JOSE C. SANTOS v. FARM FAMILY CASUALTY INSURANCE COMPANYAnnotate this Case
NOT FOR PUBLICATION WITHOUT THE
APPROVAL OF THE APPELLATE DIVISION
SUPERIOR COURT OF NEW JERSEY
DOCKET NO. A-2086-04T52086-04T5
JOSE C. SANTOS,
FARM FAMILY CASUALTY INSURANCE
Argued November 7, 2005 - Decided
Before Judges Alley and Yannotti.
On appeal from the Superior Court of New Jersey, Law Division, Middlesex County, Docket No. MID-L-5191-03.
Lane M. Ferdinand argued the cause for appellant.
Michael F. Lombardi argued the cause for respondent (Lombardi & Lombardi, attorneys; Mr.

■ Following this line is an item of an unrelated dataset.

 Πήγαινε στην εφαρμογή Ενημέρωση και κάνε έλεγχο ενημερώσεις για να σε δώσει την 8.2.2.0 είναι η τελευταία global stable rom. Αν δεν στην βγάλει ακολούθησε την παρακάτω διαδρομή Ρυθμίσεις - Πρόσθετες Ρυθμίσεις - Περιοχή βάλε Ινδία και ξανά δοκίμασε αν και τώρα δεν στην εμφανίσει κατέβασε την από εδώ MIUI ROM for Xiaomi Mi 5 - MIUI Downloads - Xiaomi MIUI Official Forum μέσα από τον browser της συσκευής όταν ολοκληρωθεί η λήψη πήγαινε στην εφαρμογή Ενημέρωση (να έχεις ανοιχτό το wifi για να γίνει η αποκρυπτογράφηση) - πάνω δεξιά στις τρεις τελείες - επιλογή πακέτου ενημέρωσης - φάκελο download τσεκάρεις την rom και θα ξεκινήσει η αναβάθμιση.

Lombardi, on the brief).
Defendant Farm Family Casualty Insurance Company (Farm Family) appeals from an order entered September 16, 2004 granting partial summary judgment on liability in favor of plaintiff Jose C. Santos, and the final judgment entered November 29, 2004 awarding plaintiff damages of $100,000 with interest. We affirm.
This matter arises from an automobile accident that occurred in Old Bridge Township on December 7, 2001. The police report of the incident states that plaintiff's vehicle was traveling east on West Greystone Road toward Englishtown Road when plaintiff failed to negotiate a curve. Plaintiff's vehicle went into the oncoming lane, where it "clipped" a fire hydrant, "fishtailed" back toward the road, crossed the road and struck a tree. According to the police report, plaintiff said that he initially swerved to avoid a deer. Plaintiff presented to Robert Wood Johnson on the date of the accident and the hospital's records state that plaintiff was driving his vehicle and was trying to avoid hitting a deer when he struck a tree.

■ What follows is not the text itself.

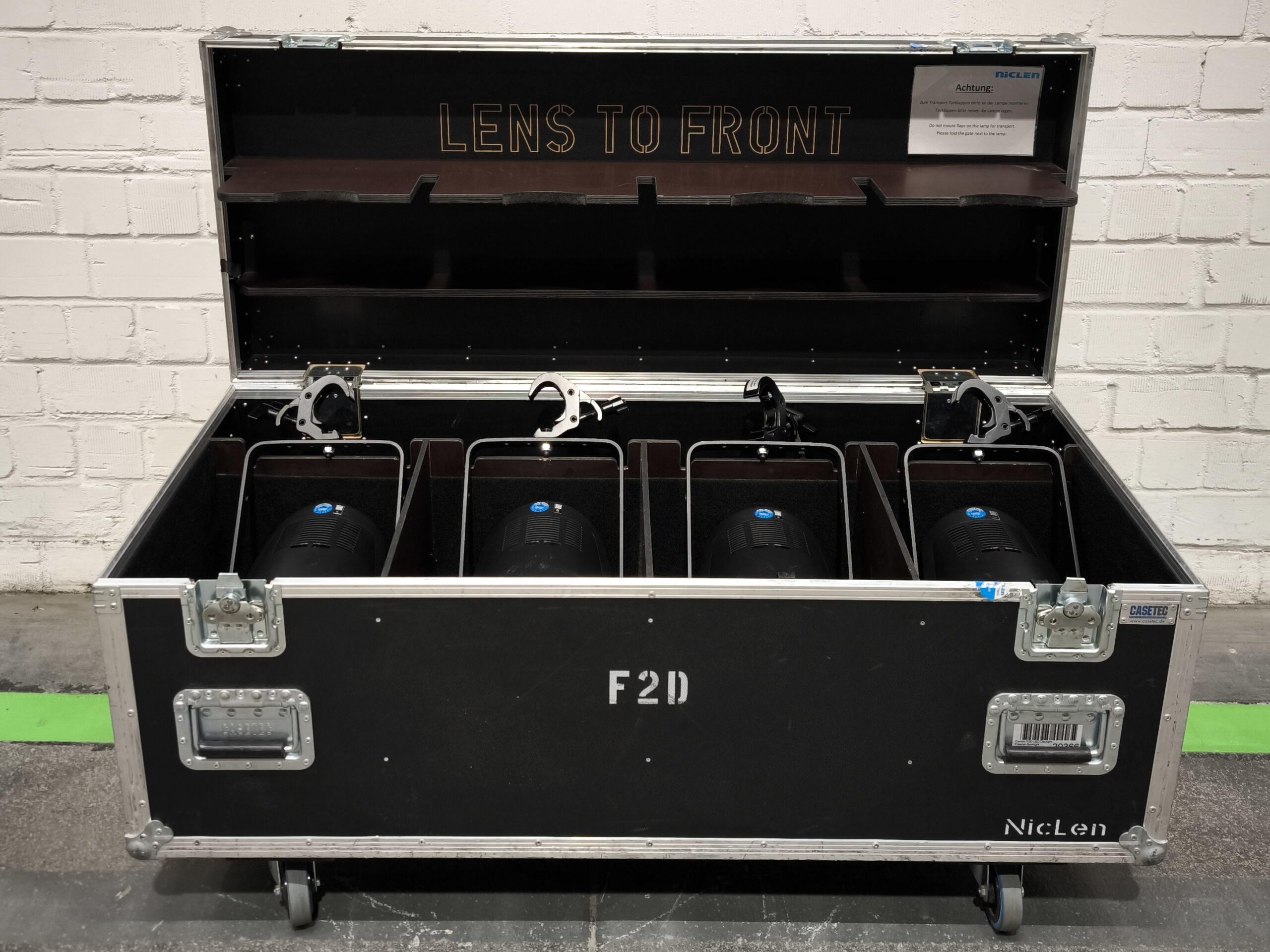 Der F2 D verfügt über 6 DMX-Steuermodi, eine schnelle Strobe-Funktion und 4 Dimmerkurven mit 16-Bit Auflösung und und einstellbarem Ansprechverhalten. Sechs wählbare Pulsweitenmodulationsfrequenzen bis 25 kHz sichern einen flackerfreien Betrieb, hocheffiziente Wärmerohr-Kühlung und ein temperaturgesteuerter Lüfter sorgen für optimale Funktion. Das robuste Gehäuse aus Aluminiumguss ist zur bequemen Konfiguration des Spotlights mit einem Drehgeber und OLED-Display ausgestattet, 5-polige DMX- Anschlüsse und Power-Twist-Netzbuchsen ermöglichen ein problemloses Hintereinanderschalten. Zum Lieferumfang gehören eine 8-fach Torblende, ein Gel-Rahmen und das Netzkabel.

At the time of the accident, plaintiff was insured under an insurance policy issued by defendant. The policy provided uninsured motorist coverage in the amount of $100,000. Plaintiff's wife Grace Santos reported the accident on December 11, 2001. Defendant's report of the call states that the accident was caused when plaintiff swerved to avoid a deer, went into a ditch and hit a tree.
On December 26, 2001, plaintiff's attorney wrote to the Old Bridge Police Department and made a "formal request" to amend the police report. The attorney stated that plaintiff had informed him that "an oncoming vehicle [traveling] westerly swerved to avoid hitting a deer and encroached into the Santos lane of travel causing Santos to take the evasive action from a head on collision within his lane." There is no evidence that the Old Bridge Police ever amended the report.
Plaintiff filed an uninsured motorist claim with defendant. On December 12, 2002, an attorney for defendant took testimony under oath as part of the company's investigation of the claim. Plaintiff was asked to explain how the accident occurred. He testified:
Well, I was coming down that West Greystone Road and I saw lights in my lane of travel. I swerved over to miss the lights and what appeared to be a deer on their side of the road, and the next thing I knew I was in the woods. I hit a fire hydrant with the left tail end of my truck, threw me to the right. I almost got out of that slide, but it was a little too late.
Plaintiff was asked whether he had seen a deer. His testimony continued:
I saw a flash. I don't know - I can't be one hundred percent sure if it was a deer, but something did run across the road.
Q. Are you sure there was something that crossed the road?
Q. Do you know if that was before or after this car came at you?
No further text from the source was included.